Summary
- An analysis has emerged that recent Bitcoin price movements are not directly related to investor sentiment.
- It said that ETF managers conducted large-scale trades during portfolio rebalancing for tax savings, causing short-term supply-demand changes.
- There are suggestions that, due to the impact of ETF-related fund flows and tax strategies around year-end, non-investment factors should also be considered when interpreting Bitcoin price movements.
An analysis has emerged that recent Bitcoin (BTC) price movements are not directly related to investor sentiment. It was suggested that short-term supply-demand changes may have stemmed from trades intended to reduce taxes.
On the 29th (local time), Bloomberg ETF specialist analyst Eric Balchunas said on his X (formerly Twitter) that the recent Bitcoin price movement was similar to the so-called 'heartbeat trading (Heartbeat trades)' pattern.
He described heartbeat trading as "an abnormal form of trading that occurs regardless of actual changes in investor sentiment." It is characterized by price movements that appear short and regular like a heartbeat.
Balchunas analyzed that such trades are mainly conducted for tax-saving purposes.
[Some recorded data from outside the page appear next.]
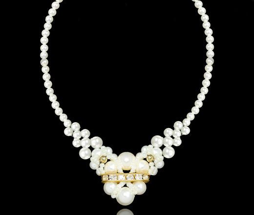 1367 naszyjnik srebrny pozłacany z perełkami i kryształkami
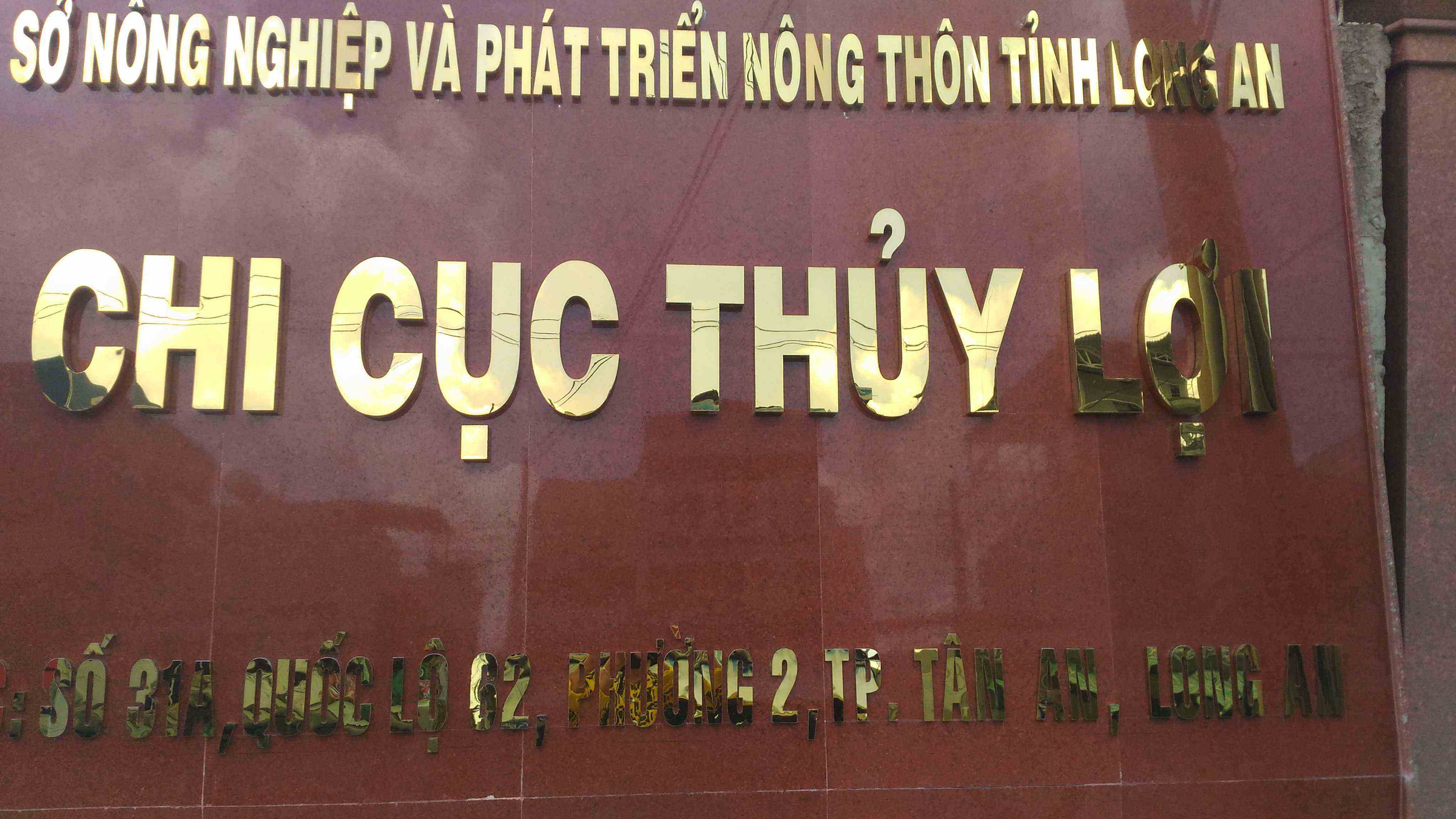 Bảng hiệu chữ inox vàng cho Chi cục Phát triển Nông thôn trong tỉnh Long An
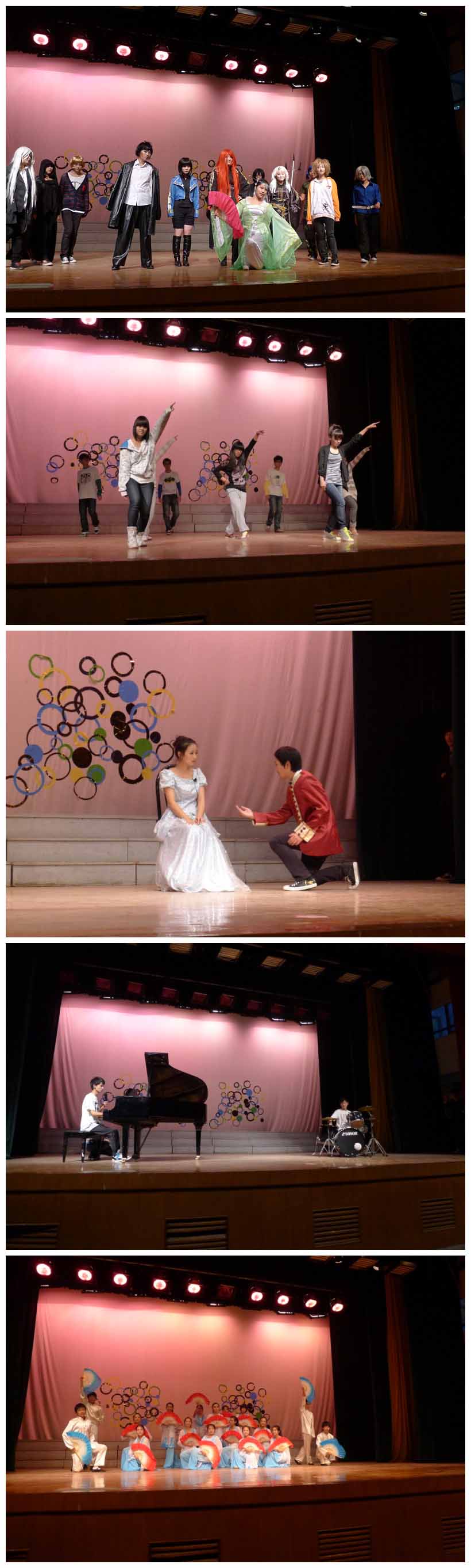 随着魔法英语社《What I want to be》动感欢快的歌声响起,演出拉开了帷幕。紧随其后的由动漫社带来的COSPLAY秀很快掀起了一个小高潮。朗诵社的诗歌朗诵《昨天、今天、明天》生动的展现了青年人的成长成熟的心路历程。话剧社表演了经典剧《灰姑娘》,全新的演绎方式赢得台下的阵阵笑声。魔法英语社的两个男生以钢琴弹唱和架子鼓的形式表演了歌曲《You are my sunshine》带来了一股清新之风。当晚,街舞社带来的劲歌热舞,把全场气氛点燃,台下观众的欢呼声一浪高过一浪。最后,在场观众被在舞剧社《仙剑奇缘》高超的舞技表演所折服,整台演出也落下了帷幕。
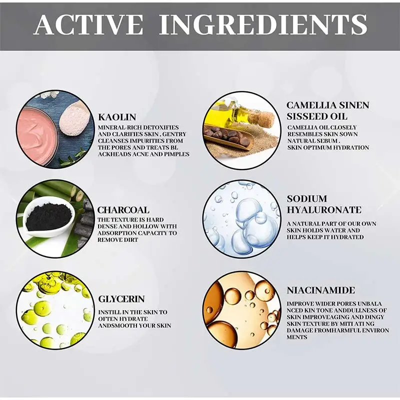 -The charcoal solid mask contains charcoal extract and high concentration of active ingredients, which can effectively remove impurities, dirt, blackheads, toxins and blemishes, leaving the skin glowing. This blackhead formula has a unique strong absorption and deep cleansing function. Long-term use can remove the dull surface cells, stubborn stains or oil spots on the face, and make the pores smaller.
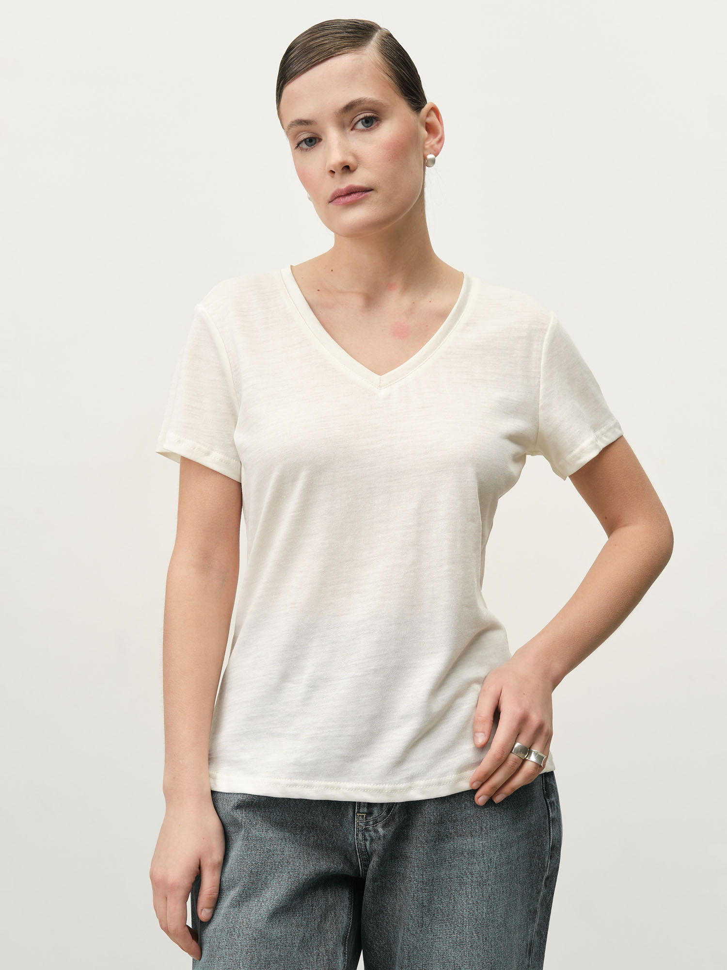 Прямой силуэт с V-образным вырезом, который визуально вытягивает линию шеи. Лаконичный крой делает модель базовой и универсальной.

In particular, he explained that this can occur when ETF managers carry out large-scale trading during portfolio rebalancing to avoid capital gains tax.
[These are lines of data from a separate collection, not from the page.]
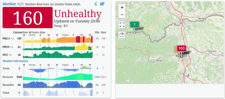 Zrak je v času kurilne sezone v Sloveniji onesnažen, še posebej so problematični delci. Z visoko koncentracijo delcev smo se danes soočali tudi v Mariboru.
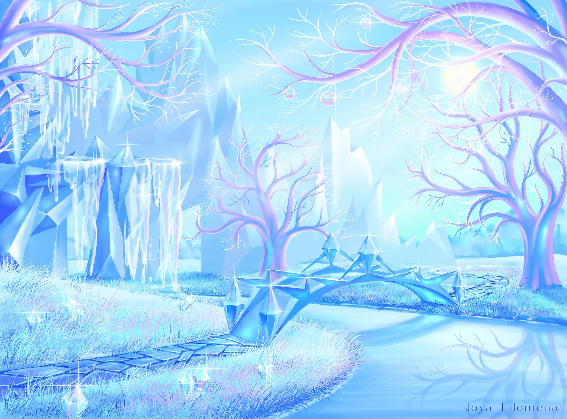 The fabulous winter forest was bound by blue ice
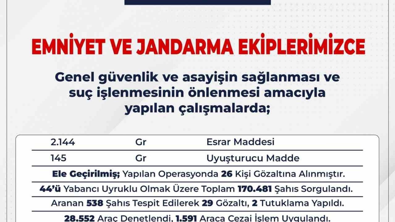 Bingöl’de emniyet ve jandarma ekiplerince genel güvenlik ve asayişin sağlanması ve suç işlenmesinin önlenmesi amacıyla çalışmalar sürüyor. Bu çerçevede 10-24 Şubat tarihleri arasında yapılan çalışmalarda 44’ü yabancı uyruklu olmak üzere toplam 170 bin 481 şahıs sorgulandı. Aranan 538 şahıs tespit edilerek 29 gözaltına alınırken 2’si tutuklandı. 28 bin 552 araç denetlenirken bin 591 araca cezai işlem uygulandığı ve 55 aracın trafikten men edildiği bildirildi. Ayrıca 2.144 gram esrar maddesi, 145 gram uyuşturucu madde ele geçirildi, yapılan operasyonda 26 kişi gözaltına alındı. Uygulamalarda 7 adet ruhsatsız av tüfeği, 116 adet av tüfeği fişeği, 4 adet tabanca, 12, adet fişek, 2 adet kuru sıkı tabanca ve 2 adet hassas terazinin ele geçirildiği aktarıldı.
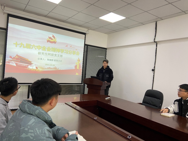 12月24日,350vip葡京新集团研究生网联党支部在智能网联协同创新中心202会议室召开“十九届六中全会精神学习”会议,支部共有党员50人,线上及线下共参会39人,会上支部纪律委员欧阳文杰、青年委员周健群进行了十九届六中全会精神的分享。
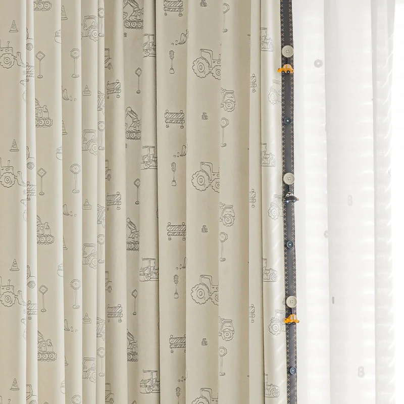 The Playful Construction Curtain by Lemonho is a jacquard curtain for kids featuring fun vehicle motifs like trucks, forklifts, road signs, and cones. Designed to spark imagination, this curtain transforms any toddler room or boys’ bedroom into a cheerful construction-themed space. Its soft jacquard texture gently filters sunlight while offering cozy privacy for naptime, playtime, or quiet reading.

In this case, prices can move regardless of changes in market participants' risk preferences or macroeconomic variables. This means that short-term price fluctuations may not necessarily reflect strong buying or selling sentiment.
Market observers say that because ETF-related fund flows and tax strategies concentrate around the end of the year, these non-investment factors should also be considered when interpreting Bitcoin price movements for the time being.